The specific steps are shown below. Pouring the sample into a cylindrical beaker with the inner diameter of 100mm and the height of 110mm until the height of the liquid level reaches more than 80mm, immersing the cylinder with the shape of the circular truncated cone into the sample so that the liquid level of the cylinder is lower than the liquid level of the sample, and filling the cylinder with the shape of the circular truncated cone with the sample. Then, the cylinder having the circular truncated cone shape was vertically lifted so that it was higher than the liquid surface of the sample put into the beaker.

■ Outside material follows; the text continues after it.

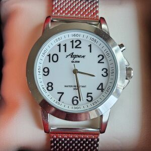 New Aspen Unisex Watch Silver Tone AP 3092 Basket Weave Steel Band Watch 30M

The time from the moment of lifting to the moment when the sample in the cylinder having a circular truncated cone shape flowed out was measured and the time was taken as the viscosity cup viscosity (unit: second).
(inorganic particles used)
Manufactured by Admatox corporation, silica particles, Admafine (registered trademark) SO-C2 (average particle diameter: 0.5 μm)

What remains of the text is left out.